→ **What you need to do**:
With the pictures omitted, repeat exactly the lines below starting with the line that has "- 荒废的入口:原本设计精美的玻璃门廊,如今积满了灰尘,无人问津。" and going on through the line that has "Bewaar de eerste".

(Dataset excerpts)
===

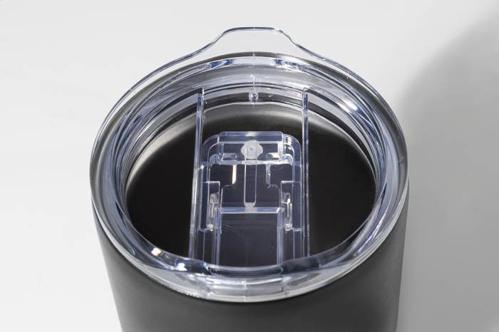 Duplafalú, újrahasznosított rozsdamentes acélból készült hőszigetelt thermo pohár ABS műanyag ivófedéllel. 600 ml.
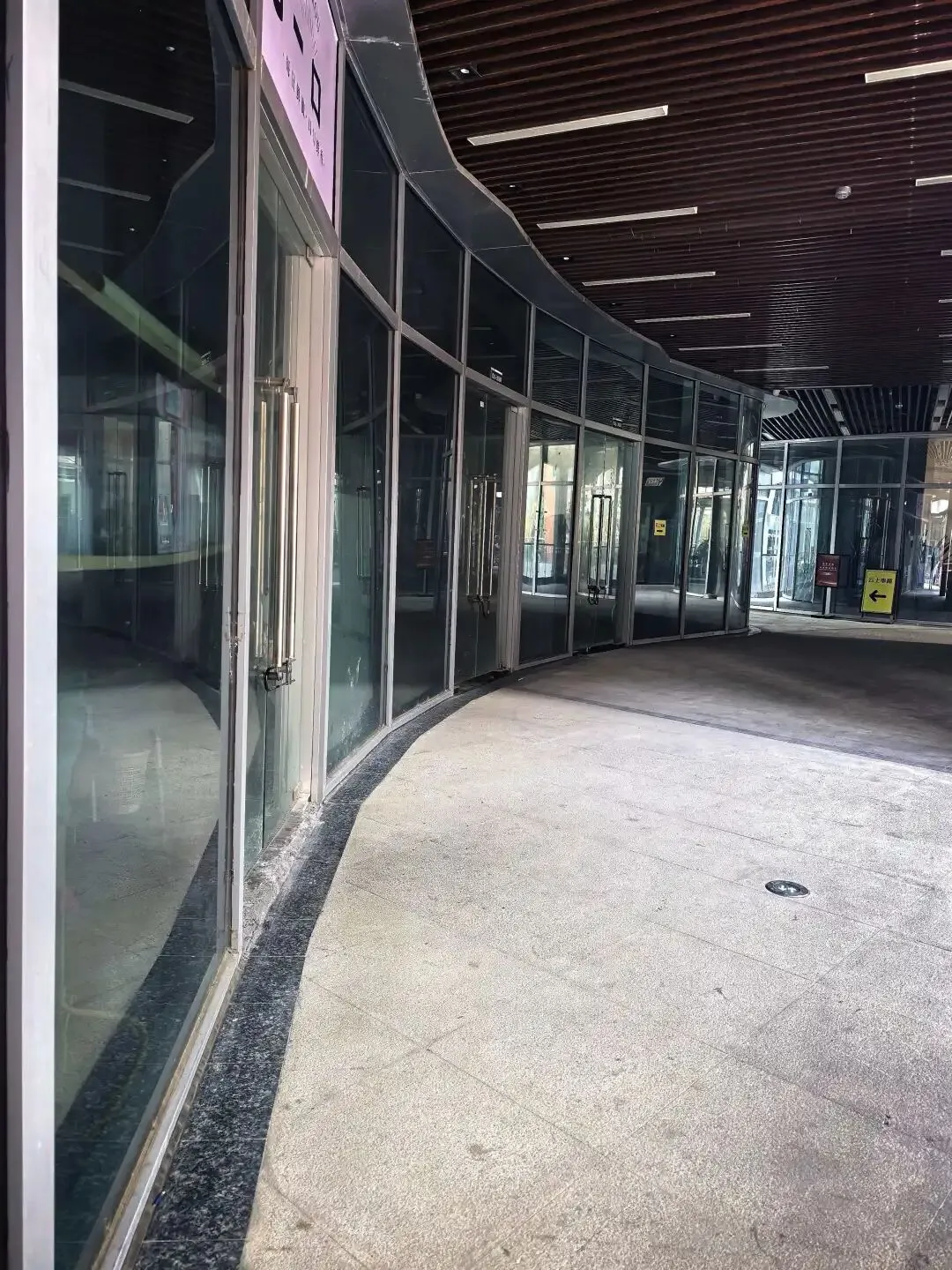 - 荒废的入口:原本设计精美的玻璃门廊,如今积满了灰尘,无人问津。
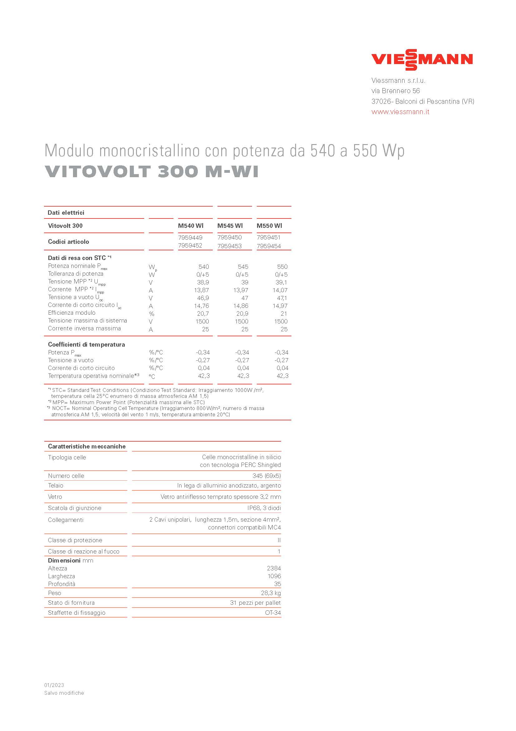 Modulo monocristallino con potenza da 540 a 550 WpVITOVOLT 300 M-WI
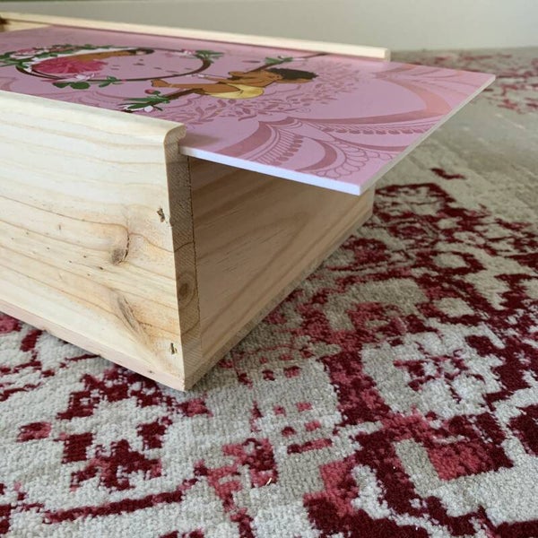 Bewaar de eerste spulletjes van je kindje in deze houten bewaardoos met daarop een mooie illustratie van baby Ganesh die zijn zegen geeft aan een slapend Indiaas meisje. De doos is te verkrijgen zonder en met personalisatie.
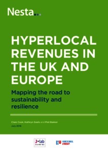During the past few years, Nesta and other strategic organisations have published research and delivered a range of resources to directly support hyperlocal media publishers to innovate their service. While there are a growing number of examples of innovative and dynamic practice, and an increasing relevance of hyperlocal media due to the shrinking footprint of traditional local print and broadcast media, our research highlights key challenges concerning sustainability (financial as well as human resource), growth and ‘findability’. As the sector continues to grow and becomes more diverse - in regards to the types of businesses and services that are producing content, the type of content being produced, the means through which content is being distributed and the ways in which local audiences are accessing and engaging with content - a more robust examination of how publishers are monetising their services is necessary. Therefore, this study undertakes an analysis of current and emerging revenue streams and the digital technologies facilitating these – the findings of which will help publishers implement positive changes to their own service. This research is aimed at online-first (but not necessarily online-exclusive) hyperlocal practitioners in the UK and in Europe, for them to use the findings and guidance to improve their ability to provide news and information to their local communities for the long term. It also provides evidence and recommendations to wider industry and policymakers in Europe in order for them to better support hyperlocal media, in regards to aspects such as the Digital Single Market, tax regulation especially in regards to organisational structure, and regulation of other areas of the digital and media sectors.
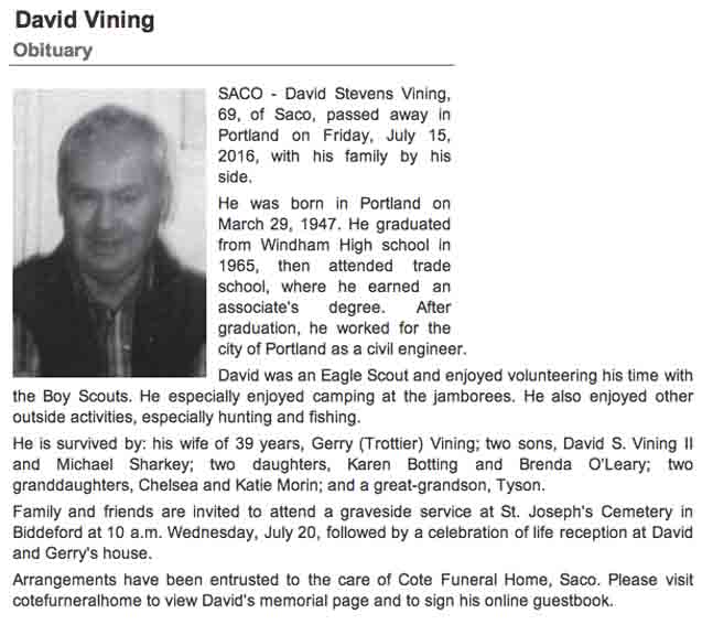 Documentation for David Stevens Vining - (1) Germain Sharkey; (2) Gerry Trottier
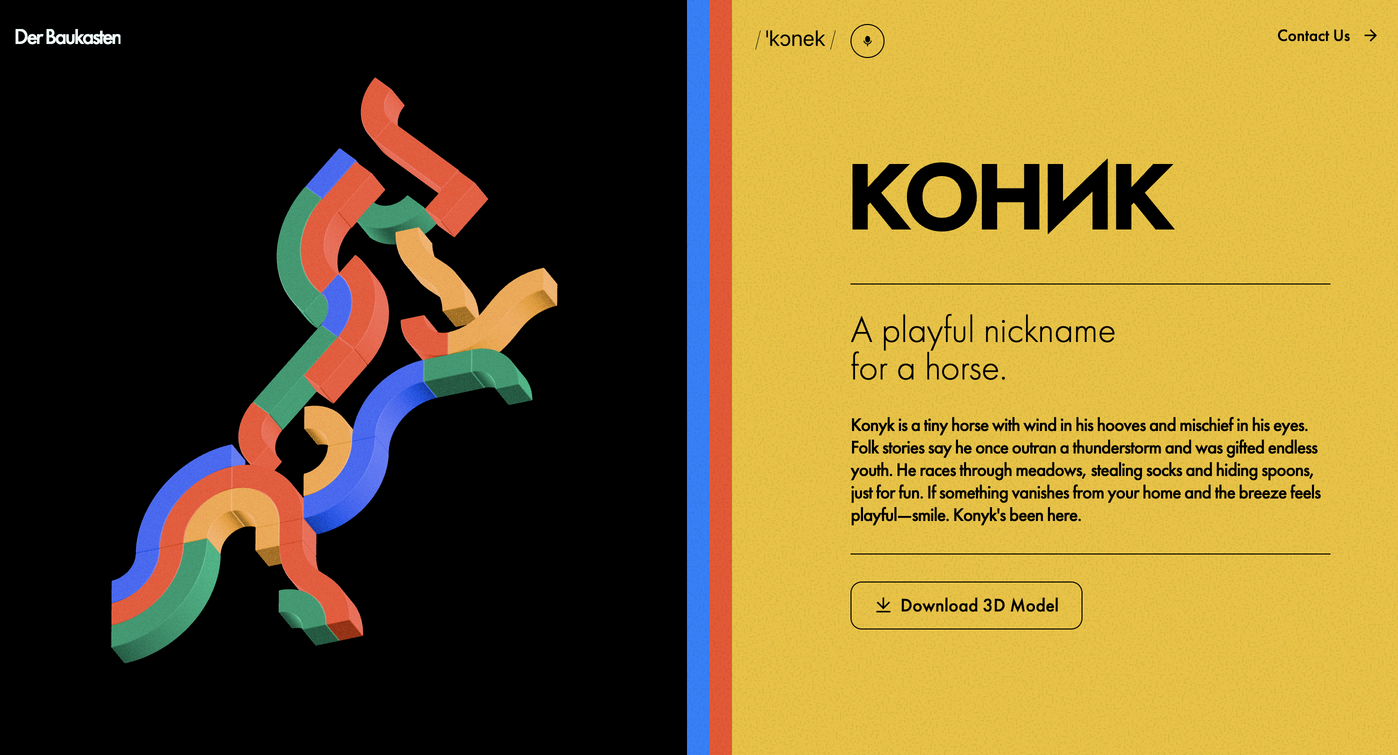 Der Baukasten was never meant to be a static object. The scroll had to build the creature in real time. Each click, a snap. Each section, a puzzle piece. It needed to feel physical—not in metaphor, but in muscle memory.

===

→ **Output**:
 - 荒废的入口:原本设计精美的玻璃门廊,如今积满了灰尘,无人问津。
 Modulo monocristallino con potenza da 540 a 550 WpVITOVOLT 300 M-WI
 Bewaar de eerste spulletjes van je kindje in deze houten bewaardoos met daarop een mooie illustratie van baby Ganesh die zijn zegen geeft aan een slapend Indiaas meisje. De doos is te verkrijgen zonder en met personalisatie.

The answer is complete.